This often-overlooked mineral is “important for your immune system, wound healing, and protein synthesis,” says Amy Gorin, RDN, a nutritionist in Stamford, Connecticut. Zinc's immune benefits are so legit that it may reduce the duration and severity of the common cold, according to research published in 2015.

“Zinc contributes to the development of cells that are in charge of defending your body against toxins or threatening foreign substances," Gorin explains. It also helps with cell growth, which is essential for healing damaged tissue.

Thankfully, you don't need too much of the mineral. Adult women need eight milligrams of zinc per day, according to the National Institute of Health (NIH), but pregnant and breastfeeding women need more. When you don't take in enough zinc, you're more susceptible to illness, Gorin says.

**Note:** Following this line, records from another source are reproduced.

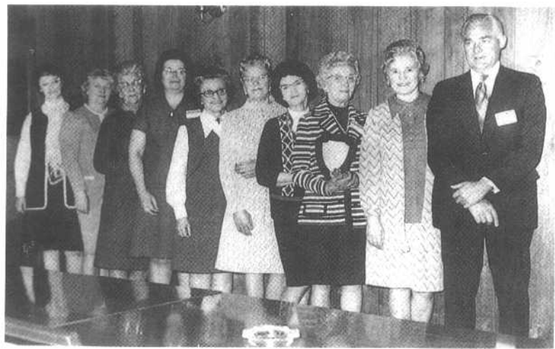
公司成立时,这群女士贡献最大。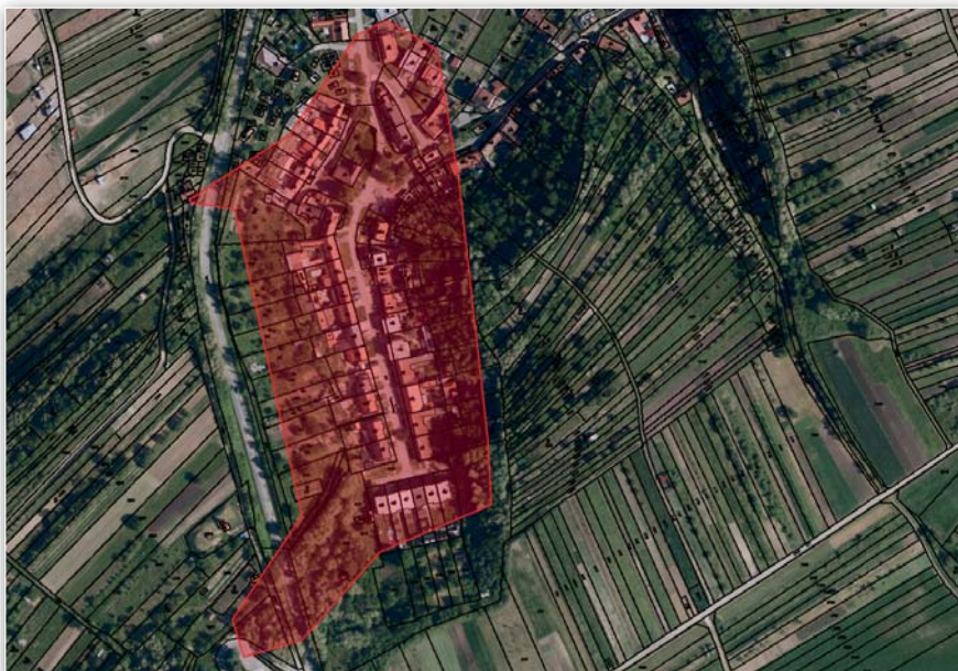
Rozsah plánované kabelizace vedení nízkého napětí v ul. Domaninská

V rámci projektu přeshraniční spolupráce INTERREG byla za-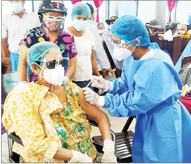
ပဲခူးတိုင်းဒေသကြီး တောင်ငူမြို့၌ ကိုဗစ်-၁၉ ကာကွယ်ဆေး ထိုးနှံပေးစဉ်။

ထိုသို့ ဆောင်ရွက်လျက်ရှိရာ ဩဂုတ် ၂ ရက်နှင့် ယနေ့တို့တွင် နေပြည်တော်ကောင်စီနယ်မြေအတွင်းရှိ မြို့နယ်ပေါင်း ၈ မြို့နယ်မှ အသက် ၆၅ နှစ်နှင့်အထက် သက်ကြီးဘိုးဘွားများ၊ ဌာနဆိုင်ရာဝန်ထမ်းများနှင့် ပြည်သူစုစုပေါင်း ၄၇၈၆ ဦးတို့ကိုလည်းကောင်း၊ ကချင်ပြည်နယ် အတွင်းရှိ မြို့နယ်ပေါင်း လေးမြို့နယ်မှ အသက် ၆၅ နှစ်နှင့်အထက် သက်ကြီးဘိုးဘွားများ၊ ဌာနဆိုင်ရာဝန်ထမ်းများ၊ တိုင်းရင်းသားပြည်သူများနှင့် အကျဉ်းထောင်တွင် ပြစ်ဒဏ်ကျခံနေသည့် အကျဉ်းသား၊ အကျဉ်းသူ စုစုပေါင်း ၂၄၇၆ ဦးတို့အား လည်းကောင်း၊ ရှမ်းပြည်နယ် (မြောက်ပိုင်း) ကျောက်မဲမြို့ရှိ အသက် ၆၅ နှစ်နှင့်အထက် သက်ကြီးဘိုးဘွားများနှင့် ဒေသခံတိုင်းရင်းသားပြည်သူ စုစုပေါင်း ၇၆၉ ဦးကိုလည်းကောင်း၊ ရှမ်းပြည်နယ်(တောင်ပိုင်း)အတွင်းရှိ မြို့နယ်ပေါင်း ၁၁ မြို့နယ်မှ သံဃာတော်များ၊ သာသနာ့ဓနယဝင် သီလရှင်များ၊ အသက် ၆၅ နှစ်နှင့်အထက် သက်ကြီးဘိုးဘွားများနှင့် ပြည်သူစုစုပေါင်း ၁၃၉၃၈ ဦးကိုလည်းကောင်း၊ ရှမ်းပြည်နယ် (အရှေ့ပိုင်း)အတွင်းရှိ မြို့နယ်ပေါင်း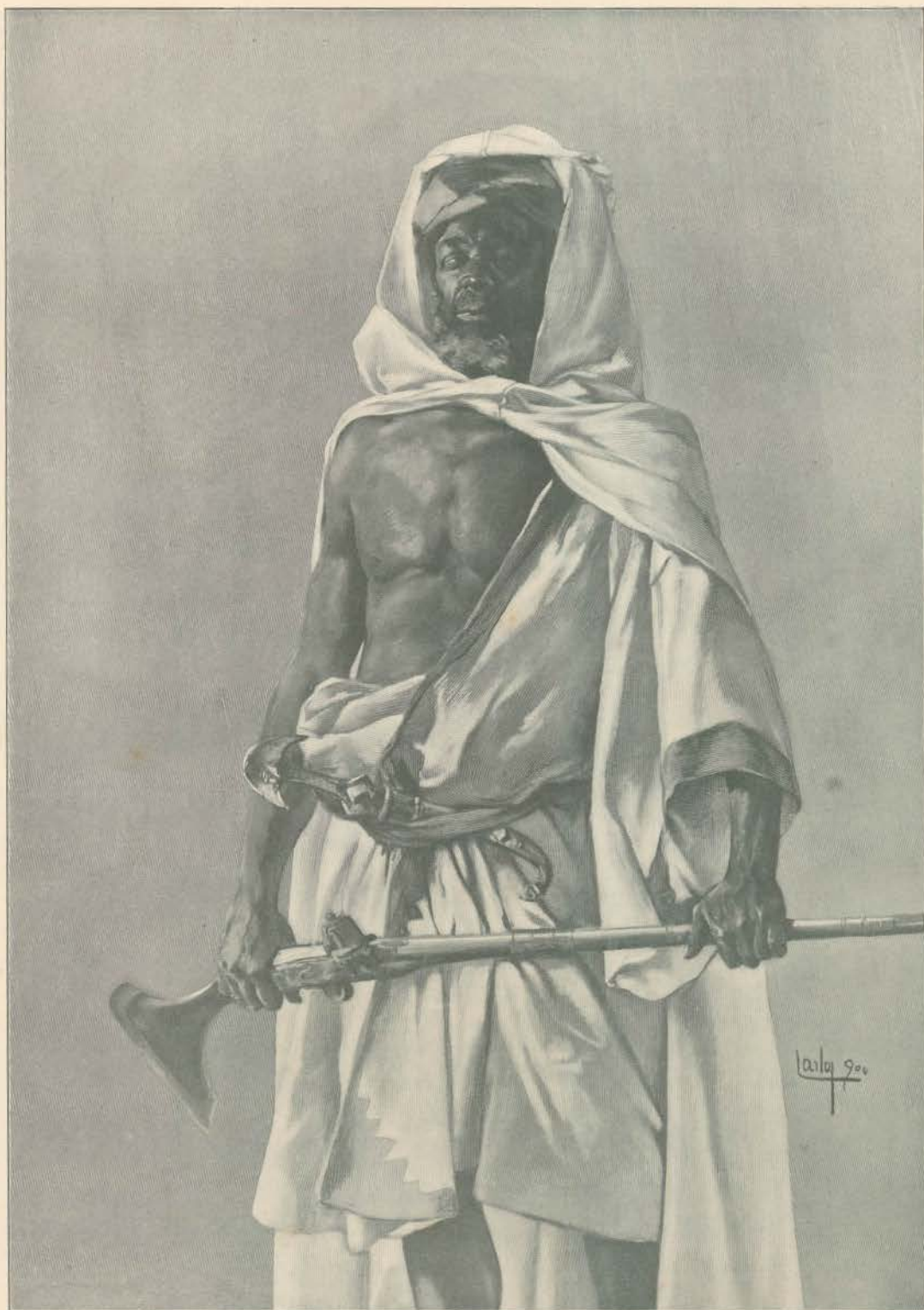
A EXPOSIÇÃO DE BELLAS ARTES—QUADRO DE S. M. EL-REH

O quadro de S. M. é uma figura simples, verdadeira e cômica de esboço, masculina e d'albornoz: um árabe que segura a sua carabina. Tem vida e tem verdade o quadro, tem mesmo alguma coisa de expressivo que marca desde logo o artista.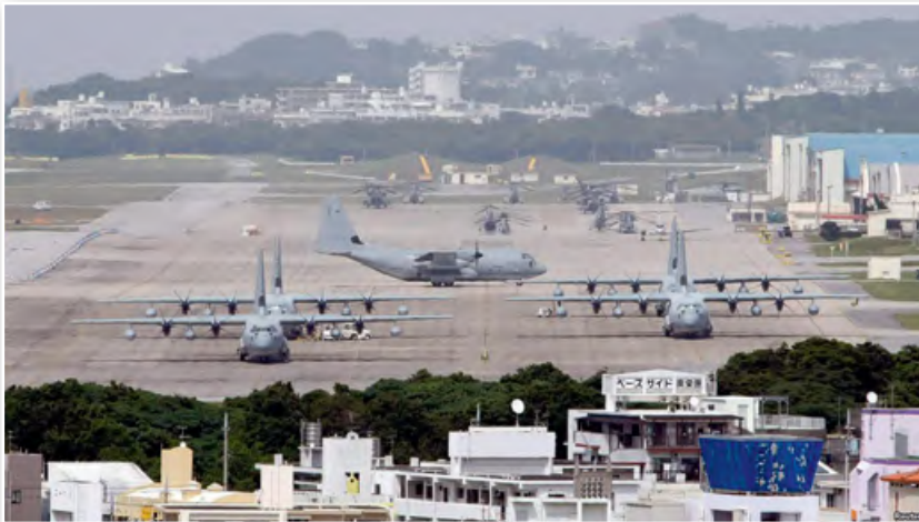
Ваенная база ЗША на востраве Акінава

Буйныя манаполіі (дзайбацу) былі распушчаны, раздроблены на дзясяткі кампаній, іх аперацыі апынуліся пад амерыканскім кантролем. Такім чынам, ЗША аслаблялі свайго асноўнага гандлёва-прамысловага канкурэнта ва Усходняй Азіі.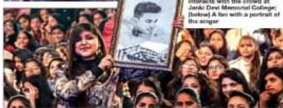
LOVE YOU GUYS: Jass Manak interacts with the crowd at Jass Manak Memorial College; (below) A fan with a portrait of the singer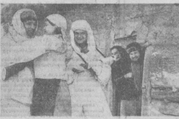
БРЯНСКИЙ ФРОНТ. 1942 год. (Орловская область). НА СНИМКЕ: жители деревни Соломовки встречают своих освободителей.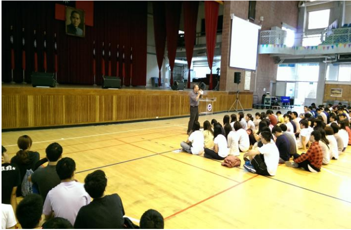
軍訓室主任親自指導說明防災演練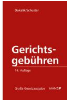
Gerichtsgebühren Ladenpreis: 160,00EUR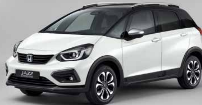
PERLEŤOVÁ PLATINUM WHITE / DVOUTÓNOVÁ VARIANTA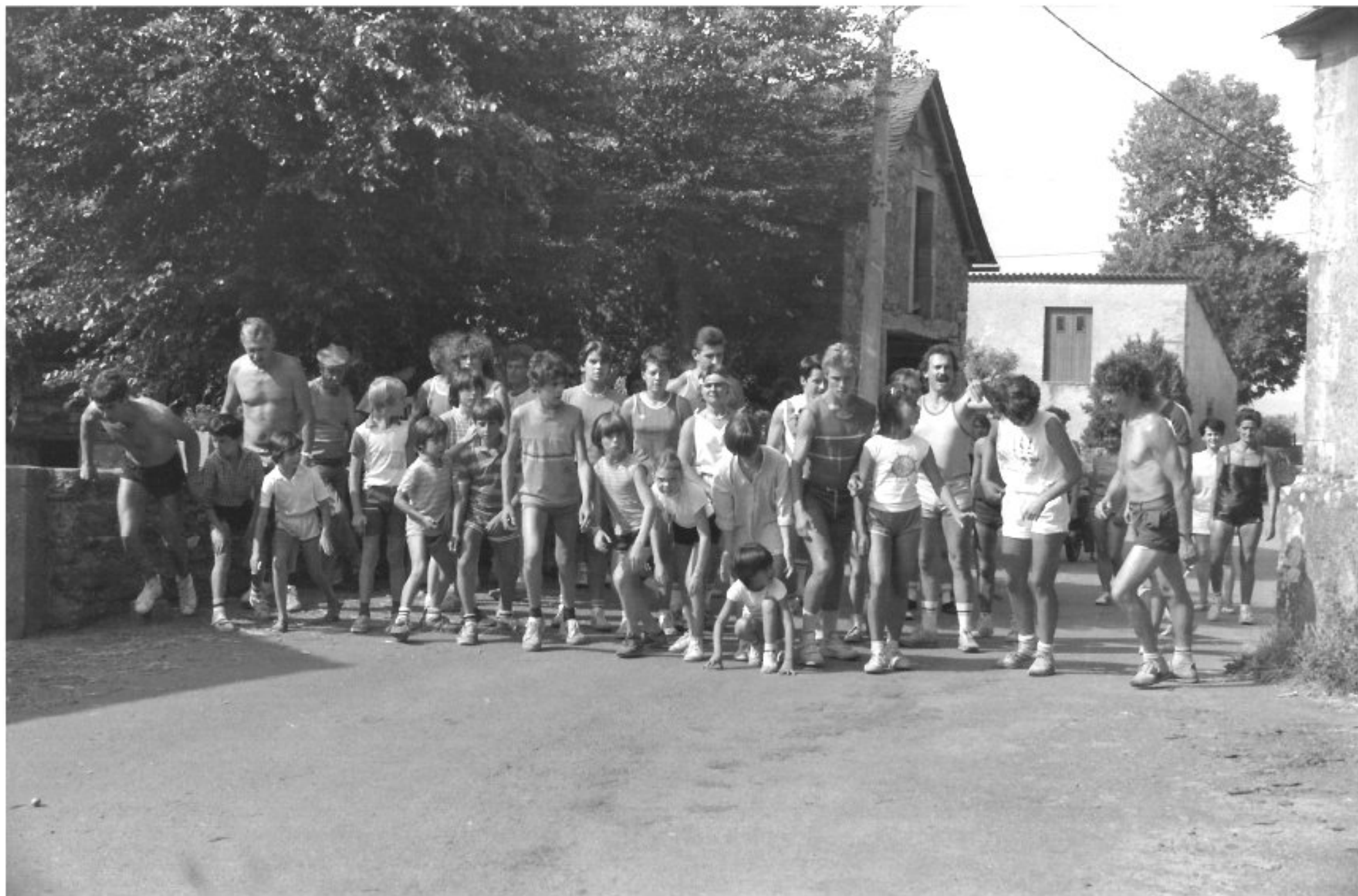
MELJAC - Les Olympiades 1984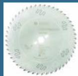
BOSCH Disc Top Precision Best for Wood 315x30x48T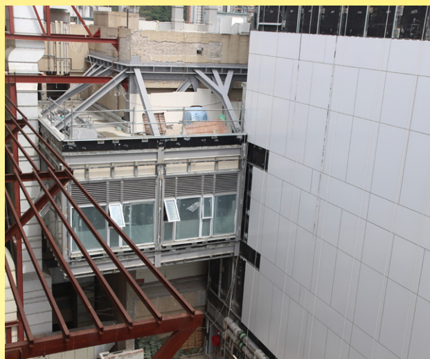
Linkage between existing and new OT Block.

To ensure sustainability and reduce environmental impacts, our new OT Block adopted many green building characteristics and design. First, the building materials are of low thermal conductivity with good thermal insulation resulting in the reduction of overall building energy consumption. On the other hand, the concept of building envelope also helps to reduce noise transmission.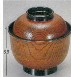
10-235-12 A姫小吸椀 栃 1-180-14 ¥1,450 (10φ×10) 欄100 210cc 10-235-13 TA姫小吸椀 栃 W-2-96 ¥1,700 (10φ×10) 欄100 210cc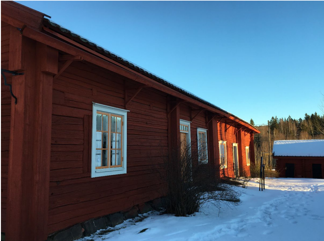
Figur 5. Mangårdsbyggnaden.

Though most people don’t need to worry about zinc deficiency, certain groups—including people with digestive disorders and certain chronic illnesses, as well as pregnant and breastfeeding women—are at greater risk. Vegetarians and vegans are also more likely to fall short on the mineral, since it's harder to absorb the zinc found in plant-based foods than that in animal sources.

To keep your immunity strong and sickness at bay, put the following foods—all good sources of zinc—on your shopping list next time you hit the stores.

Meet the expert: Amy Gorin, RDN, is a nationally recognized expert in nutrition and has been interviewed by several highly regarded publications. She served as a judge for the 2018 UpwaRD program for up-and-coming RDNs, a 2018 and a 2017 Unilever Agent of Change, and an April 2016 Today’s Dietitian Magazine RD of the Day.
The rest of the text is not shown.